The one reason it is making an appearance here is that we do have some Darjeeling teabags floating about in the kitchen, courtesy of D who now and again likes to slurp a bit of Darjeeling tea.  I thought I'd try some of his teabags for this banana cake.   
Its not half bad. It's a very sweet cake, the sweetness can easily be reduced by leaving off the icing. As for the Darjeeling, I have to admit I am not a tea connoisseur, so its floral subtlety was completely lost on me, it did however taint the colouring of the cake sponge toa walnut brown.  As for the banana - well it certainly is bananarey - umm is that even a word?!
Because natural lighting in the evening is bad, D did say to me not to ice the cake and leave it for the following day to be photographed, but I wasn't listening and was keen to coat it with the golden Darjeeling icing.   I know I should have put it in the fridge, but it was pretty cold so I decided to leave it out.  And during the night, in the warmth of the kitchen the icing fell away revealing the banana slices that would otherwise be covered.  I can pretend and say its kinda of a volcanic effect but I would be fibbing.  Still its rather yummy and sweet.

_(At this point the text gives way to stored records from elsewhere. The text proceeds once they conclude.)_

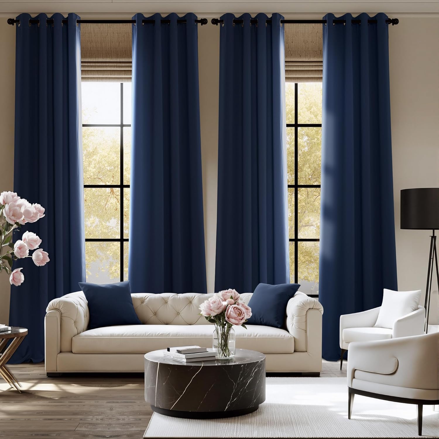 NICETOWN Navy Blue Blackout Curtains 108 inch Long, Thermal Insulated Grommet Privacy Energy Saving Shades for Bedroom, Living Room, Bathroom, Laundry, Patio, Closet, 2 Panels, W52 x L108
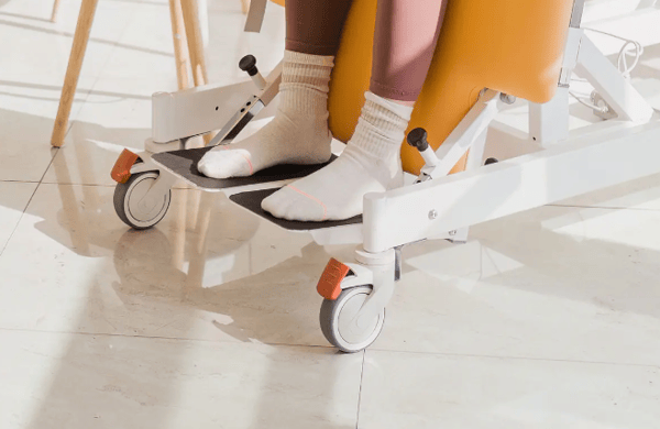 - Apoyapiés para ambos pés com regulação independente em proclive e declive.
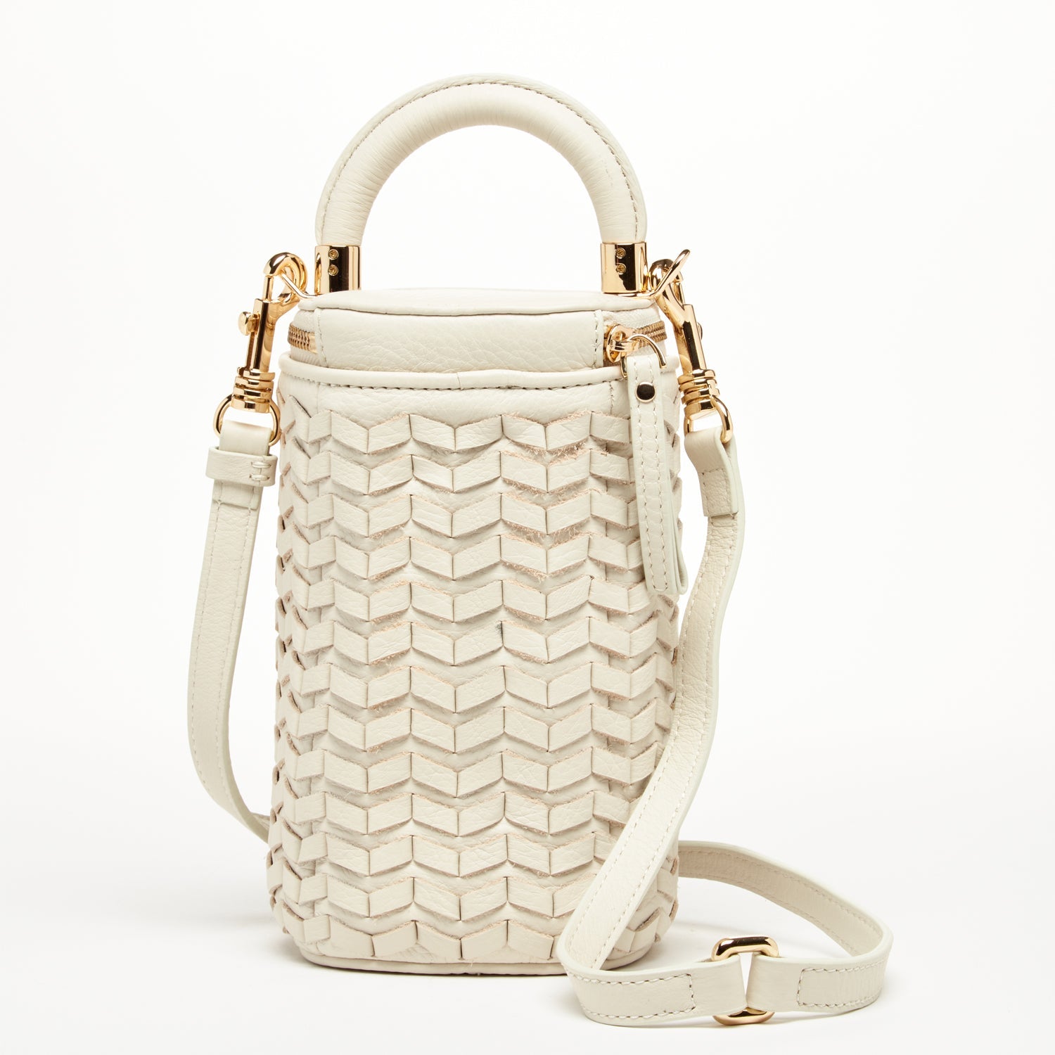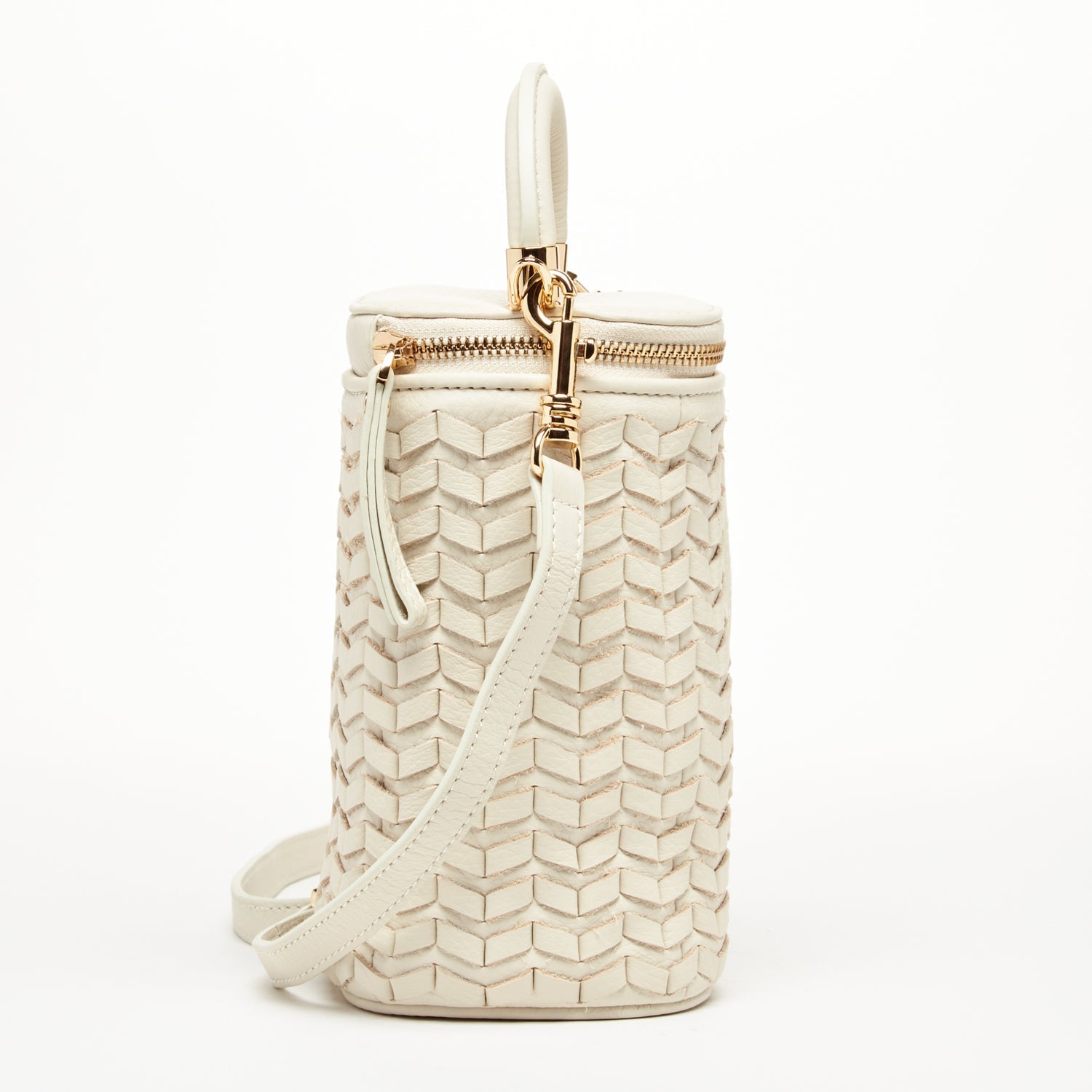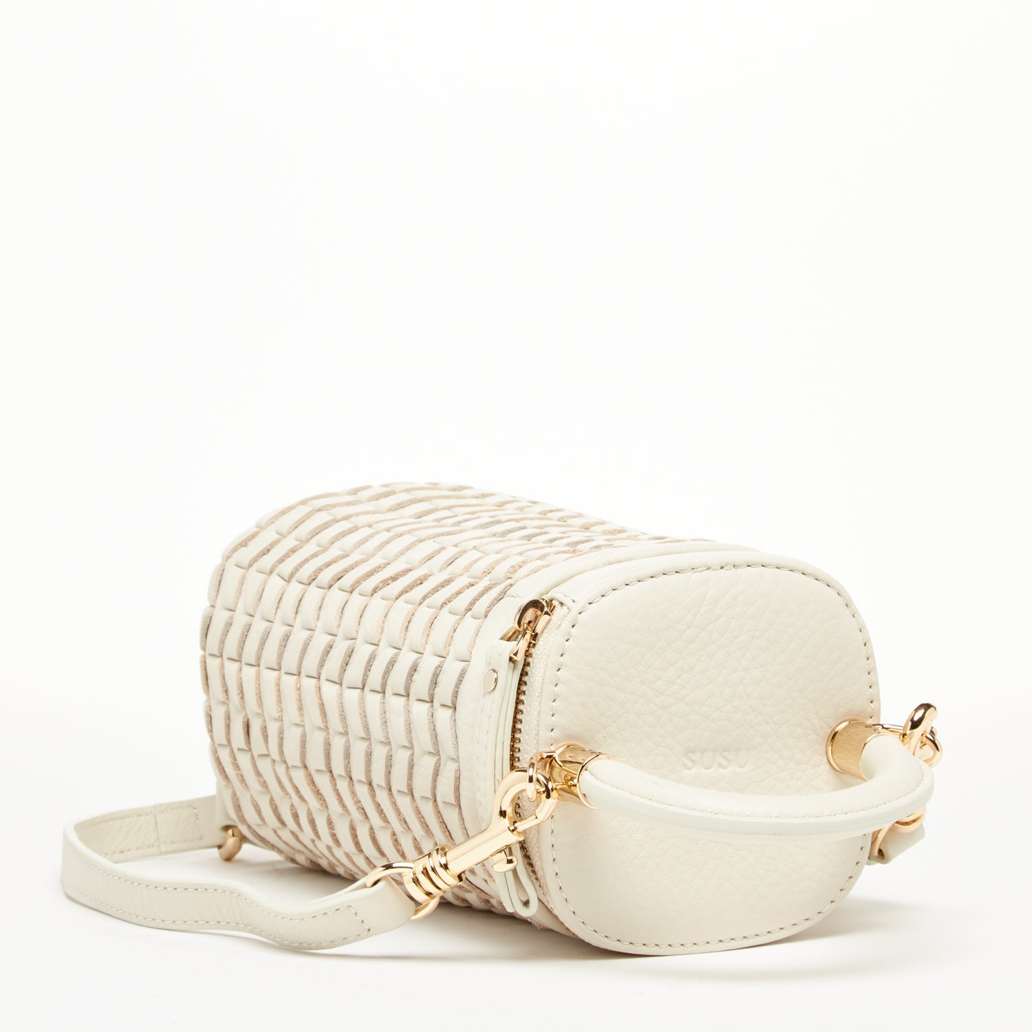 SUSU Basket Weave Leather Purse Off-white Bucket Bag
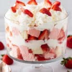 - Decorate the Trifle: Pipe or mound large dollops of the whipped cream around the top of the trifle. Pile the reserved strawberry slices in the center. Add one more dollop of whipped cream in the center and top with a halved strawberry with the stem still attached or arrange as desired for presentation.
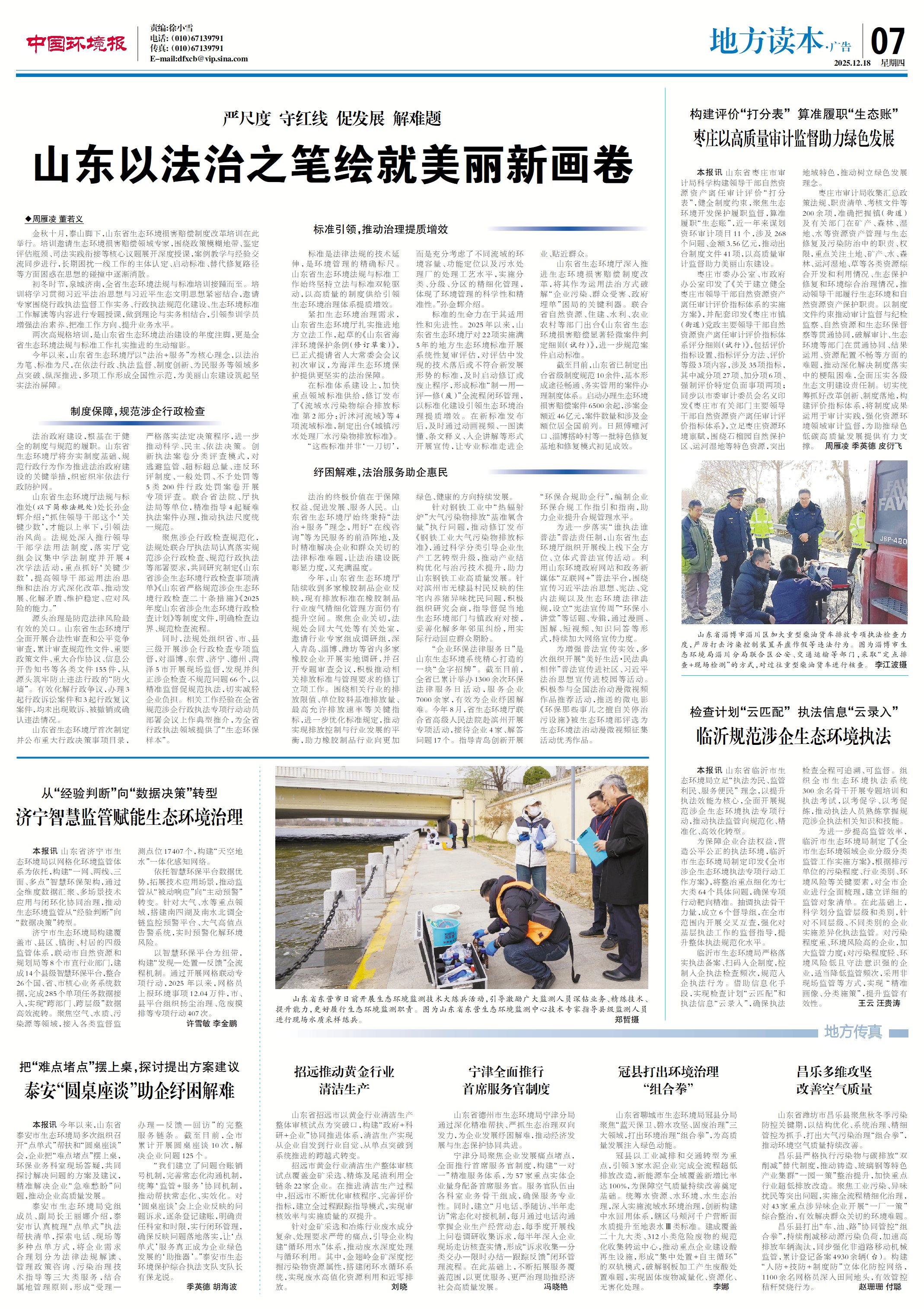 责编:徐小雪 电话:(010)67139791 传真:(010)67139791 E-mail:dfxcb@vip.sina.com 严尺度 守红线 促发展 解难题 山东以法治之笔绘就美ī ◆周雁凌 董若义 金秋十月,泰山脚下,山东省生态环境损害赔偿制度改革培训在此 举行。培训邀请生态环境损害赔偿领域专家,围绕政策模糊地带、鉴定 评估瓶颈、司法实践衔接等核心议题展开深度授课,案例教学与经验交 流同步进行,长期困扰一线工作的主体认定、启动标准、替代修复路径 等方面困惑在思想的碰撞中逐渐消散。 初冬时节,泉城济南,全省生态环境法规与标准培训接踵而至。培 训将学习贯彻习近平法治思想与习近平生态文明思想紧密结合,邀请 专家围绕行政执法监督工作实务、行政执法规范化建设、生态环境标准 工作解读等内容进行专题授课,做到理论与实务相结合,引领参训学员 增强法治素养、把准工作方向、提升业务水平。 两次高规格培训,是山东省生态环境法治建设的年度注脚,更是全 省生态环境法规与标准工作扎实推进的生动缩影。 今年以来,山东省生态环境厅以"法治+服务"为核心理念,以法治 为笔、标准为尺,在依法行政、执法监督、制度创新、为民服务等领域多 ...
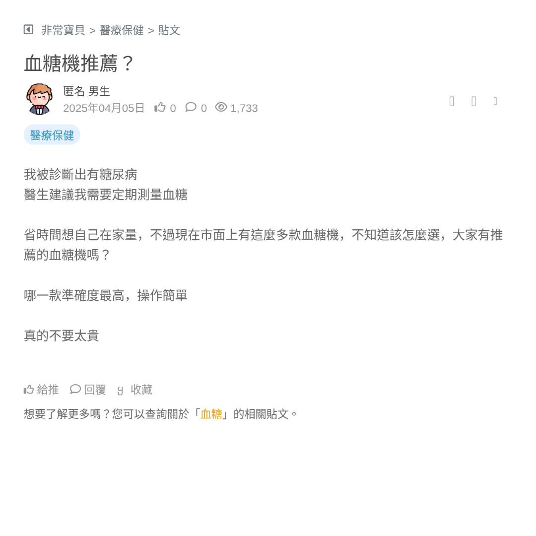 省時間想自己在家量,不過現在市面上有這麼多款血糖機,不知道該怎麼選,大家有推薦的血糖機嗎?

Banana and Darjeeling Cake
Serves 6
Ingredients
6 – 8 Darjeeling tea bags
250ml boiling water
1 large banana
125g soft butter
125g soft brown sugar
2 eggs
200g self raising flour
2 teaspoons baking powder
For the icing
175g icing sugar
1 teaspoon butter
Method
Add the tea bags to the boiling water in a measuring jug, making sure they are all submerged.  Allow to stew until cold.  Then squeeze the tea bags to get as much liquid from them as possible.  Discard the tea bags and measure out ¼ pint of tea, saving the rest.  Mash the banana with the butter and brown sugar, then stir the measured tea, the eggs, flour and baking powder and beat until the mixture is light and fluffy.
Line an 8 inch cake tin with non stick baking paper, spoon the mixture in and gently level the surface.  Bake in a preheated oven gas mark 4 for 40 – 45 minutes, or until a skewer in the centre comes out clean.  Cool for a minute or so in the tin, then turn out on to a wire rack and leave until cold.
For the icing
Put the icing sugar into a saucepan with the butter and 2 tablespoons of the remaining tea, discarding the rest.  Stir over the heat until the butter has melted.  Pour over the top of the cake and leave to set.  Adapted very slightly from Rose Elliot's Veggie Chic

31 comments:

  1. This is just the cake I love bananas and tea - perfect. Unfortunately I won't be making it till after Christmas. Restricting my intake for the next 25 days!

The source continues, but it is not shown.